▶ [EXERCISE GOAL]: Restate word for word the entries below, starting at the line with "Сорт конопли Brainkiller" and ending at the line with "Полностью укомплектованная кухня: большая". Keep both end lines and omit the pictures.

Start of SUPPLIED ENTRIES

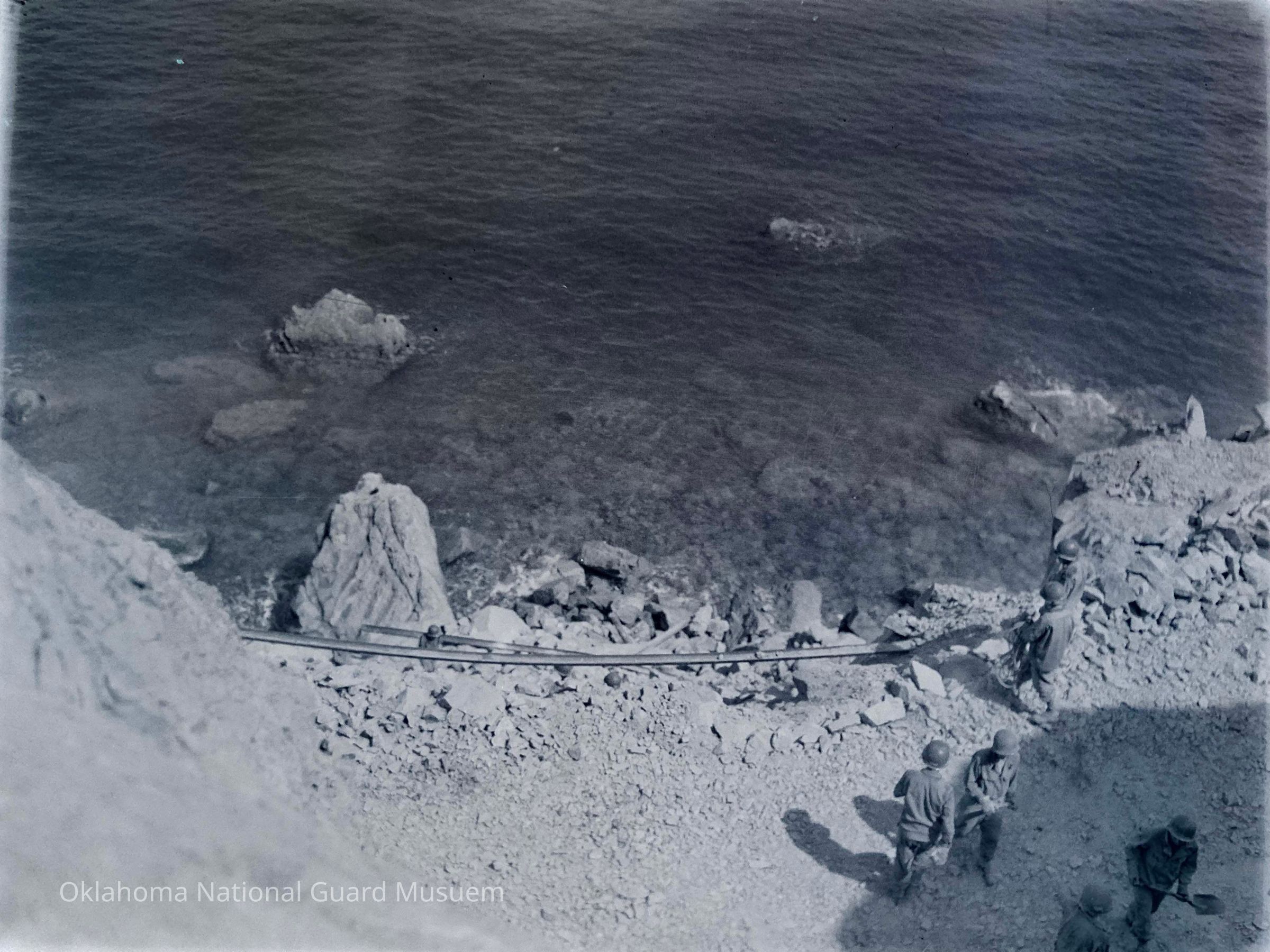 Negative of soldiers working on rocky beach
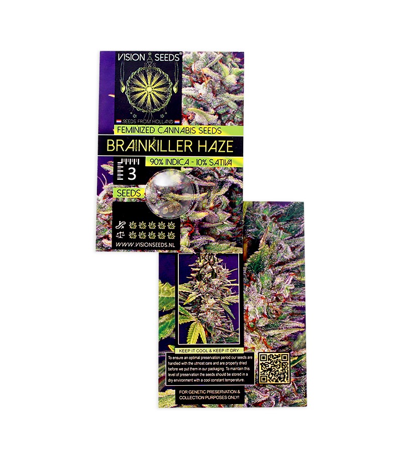 Сорт конопли Brainkiller Haze от Vision Seeds – это феминизированный сорт с почти чистой родословной, с преобладанием сативы в генетической формуле семян. Настоящий Убийца мозга, который не щадит скуку и депрессию, убивает стресс и блокирует болевой синдром.
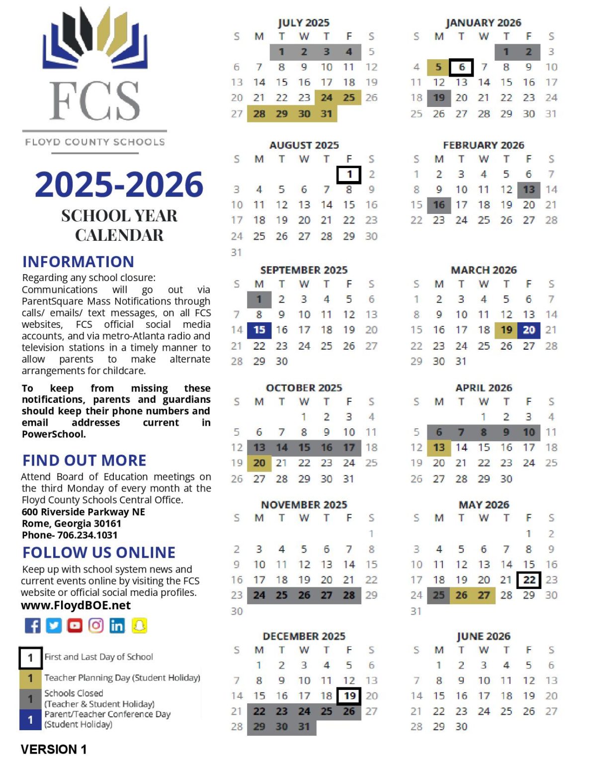 2025 2026 Floyd County Schools Calendar Floyd County Schools
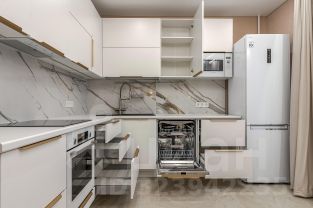 Полностью укомплектованная кухня: большая встроенная посудомоечная машина, духовка, микроволновка, удобные ящики и эргономичные верхние шкафы с плавным открыванием.
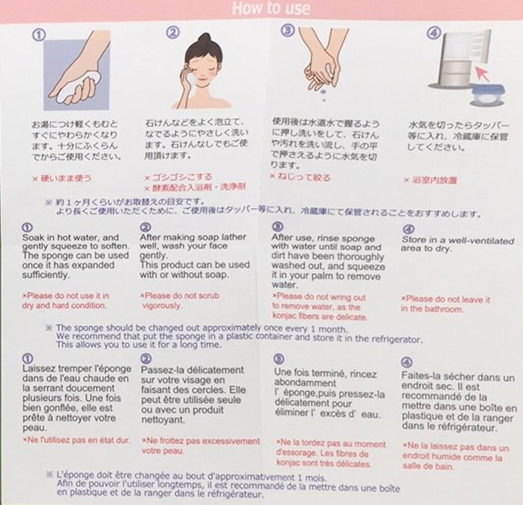 100% natural konjaku fiber - a vegetable fiber extracted from the plant Amorphophallus Konjaku. It's sustainably grown with no preservatives, no coloring and no additives. This earth-friendly vegetable sponge cleanses & moisturizes your skin while gently balancing the skin’s natural pH levels, restoring your skin back to its original and natural shine, for a healthier complexion. Just soak the dried sponge in water for a few moments until it's soft. Then - if you wish - add a dollop of your favorite facial cleanser and cleanse as you normally would (with the natural anti-bacterial benefit of bamboo charcoal, there's actually no need to use cleanser). To extend the life of your konjaku, please hang to air dry after every use. Konjaku, commonly called Konnyaku or Devil’s Tongue, is a perennial plant from southeast Asia. The dried plant contains glucomannan, a vegetable fiber (also called Mannan). Our version contains Binchotan charcoal, which is naturally anti-bacterial and anti-mildew. Imported directly from Japan especially for Heliotrope San Francisco.
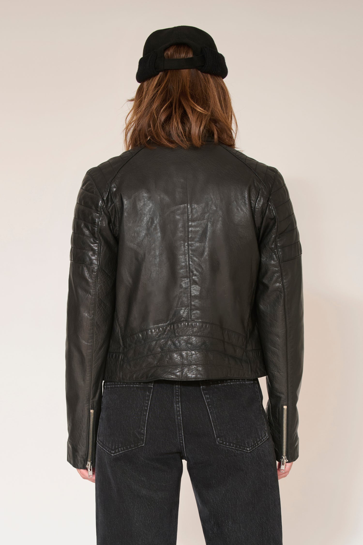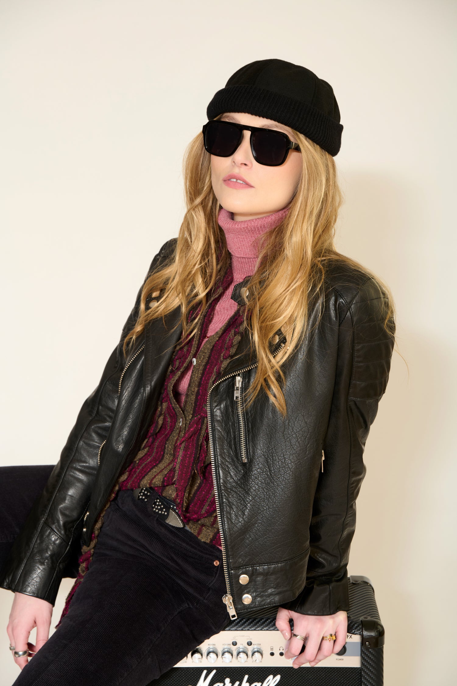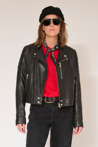 Notre veste en cuir noir VIGRID, col rond et manches longues dans une coupe motard tendance. Elle donnera du caractère à votre tenue en ajoutant une touche légèrement masculine.

End of SUPPLIED ENTRIES

▶ [COMPLETED TASK]:
 Сорт конопли Brainkiller Haze от Vision Seeds – это феминизированный сорт с почти чистой родословной, с преобладанием сативы в генетической формуле семян. Настоящий Убийца мозга, который не щадит скуку и депрессию, убивает стресс и блокирует болевой синдром.
 2025 2026 Floyd County Schools Calendar Floyd County Schools
 Полностью укомплектованная кухня: большая встроенная посудомоечная машина, духовка, микроволновка, удобные ящики и эргономичные верхние шкафы с плавным открыванием.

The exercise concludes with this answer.